Fe de ratas

Aumento espectativas y renuncio a soluciones intravenosas. Ya no me acomodan bajo las alfombras cuando llegan los maridos, pero aún conservo algo del gran orgullo que antaño me dominaba.

Nunca trabajé para que mi voto anunciase una nueva victoria de la derecha, pero muy a mi pesar, mi trabajo a veces ayudó a que así fuera.


No me apetece volver a llegar tarde a la mina, chacales encamisados alardean de su incansable ánimo de airear edredones, de su insaciable apetito de almas moribundas. Nadie está a salvo en el valle de las flores negras.
Huelen el miedo, dicen. Yo creo que sólo huelen las maletas preparadas de los que quieren huir.

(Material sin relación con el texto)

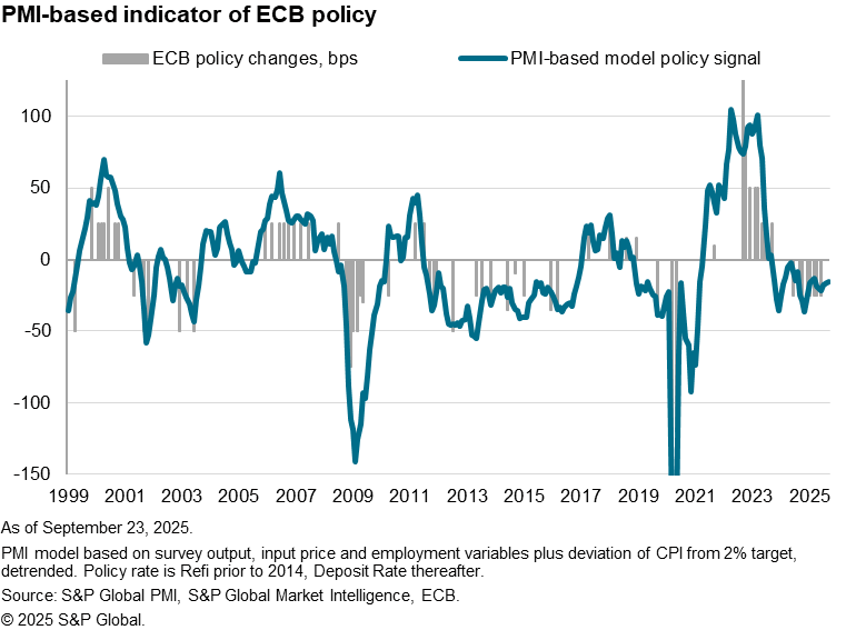 However, the bar to further imminent rate cuts is likely to be high. The ECB has already cut interest rates by 25 basis points eight times in this cycle, taking the Deposit Rate to 2.00% from a peak of 4.00% in the spring of 2024. It will likely take a more worrying weakness in the demand picture than that signalled by September's PMI to lead the ECB to cut rates again this year, though much will depend on the growth trajectory going forward.

Una mañana, mi padre me enseñó que nunca hay suficiente verguenza en el aliento de los perros y por eso hacen parejas y pasean moviendo la cola. Me intentó alejar del que, con la porra en la mano, infunde más asco que miedo al que respira y más miedo que asco al que lo controla.

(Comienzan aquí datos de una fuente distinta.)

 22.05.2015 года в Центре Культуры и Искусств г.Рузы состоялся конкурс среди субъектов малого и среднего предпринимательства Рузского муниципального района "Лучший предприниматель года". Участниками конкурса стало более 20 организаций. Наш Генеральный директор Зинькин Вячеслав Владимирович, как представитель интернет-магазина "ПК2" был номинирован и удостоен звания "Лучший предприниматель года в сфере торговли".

Además, los intentos de belleza ausente que dibujabas con la lengua desaparecieron en la última taza de café, amortiguando la caída de ciudades en las nubes, pero no mi llanto enlatado.

Frío y ausente, como arremetiendo contra la peluca empolvada de valor. Mirate y entenderás que tu sueño ya no vive porque lo dejaste atrás. En el país del hambre, el paraíso siempre fue un buffet libre. Y eso no los hace más alegres, simpáticos o necesarios.

Mucha casa para tan poco amor, mucha pared para tan poco arte, mucho ruido para tan poca música.